The histopathological examination revealed test item related changes in the forestomach from male and female rats of the intermediate and the high dose group (200 and 600 mg IBP1-Na/kg b.w./day) in form of hyperplasia and hyperkeratosis of the squamous cell epithelium, infiltration with neutrophilic granulocytes, granulation tissue and ulcerations.

 

Additionally, a test item-related centrilobullar hepatocellular hypertrophy was noted In the liver from male and female animals of the high dose group (600 mg IBP1-Na/kg b.w./day).

 

Effects on reproduction parameters and organs

No test item-related influence was noted on the reproduction parameters and organs in any treatment group.

The qualitative sperm staging revealed no test item-related spermatogenic changes.

 

Effects on the development of the F1 offspring (pups)

A non-statistically significant reduction in mean litter weight of approximately 6% to 9% was noted on lactation day 1 and 4 for the male and female pups of the high dose group (600 mg IBP1-Na/kg b.w./day), which is regarded to be test item-related.

No test item related influence was noted on the survival rate of the pups.

 

The following no-observed-effect levels were established for systemic effects:

Effects on the F0-generation

NOAEL (no-observed-adverse-effect level): 200 mg IBP1-Na/kg b.w./day, p.o.

 

Effects on reproduction

NOAEL (no-observed-adverse-effect level): 600 mg IBP1-Na/kg b.w./day, p.o.

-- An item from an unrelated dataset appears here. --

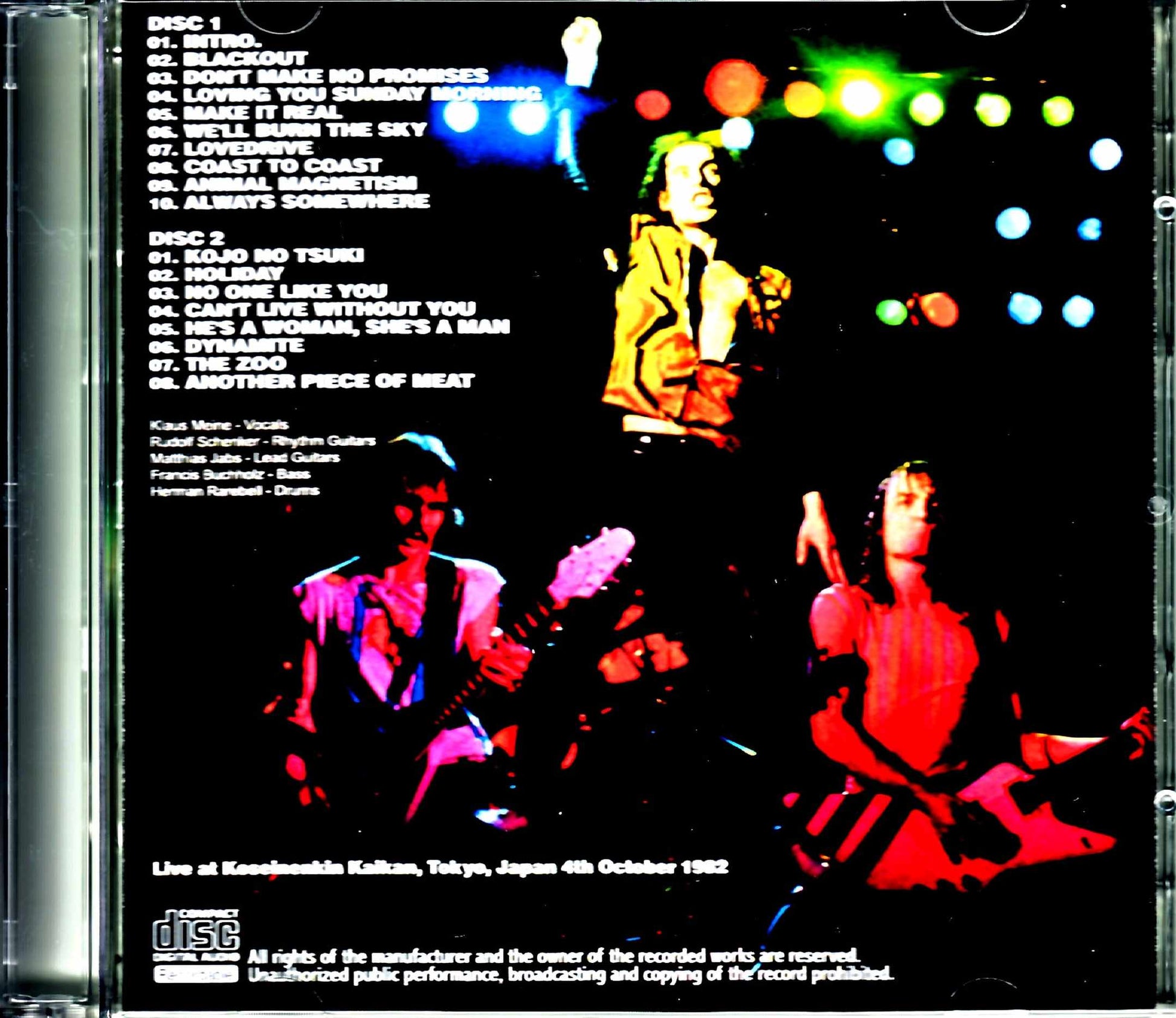 Disc 1 1. Intro. 2. Blackout 3. Don't Make No Promises 4. Loving You Sunday Morning 5. Make It Real 6. We'll Burn The Sky 7. Lovedrive 8. Coast To Coast 9. Animal Magnetism 10. Always Somewhere Disc 2 1. Kojo No Tsuki 2. Holiday 3. No One Like You 4. Can't Live Without You 5. He's A Woman, She's A Man 6. Dynamite 7. The Zoo 8. Another Piece Of Meat Klaus Meine - Vocals Rudolf Schenker - Rhythm Guitars Matthias Jabs - Lead Guitars Francis Buchholz - Bass Herman Rarebell - Drums

Applicant's summary and conclusion

Conclusions:

NOAEL (no-observed-adverse-effect level): 200 mg test item/kg b.w./day, p.o. based on systemic effects and 600 mg/kg bw/d based on toxicity to reproduction.

Remark: The test solution contains NaOH due to the production method.

Executive summary:

The test was performed according to OECD guideline 422 under GLP compliance. The test substance was administered orally to rats at dose levels of 60, 200 or 600 mg test item/kg b.w./day.

The following no-observed-effect levels were established for systemic effects: NOAEL (no-observed-adverse-effect level): 200 mg test item/kg b.w./day, p.o.

The following no-observed-effect levels were established for reproductive effects: NOAEL (no-observed-adverse-effect level): 600 mg IBP1-Na/kg b.w./day, p.o.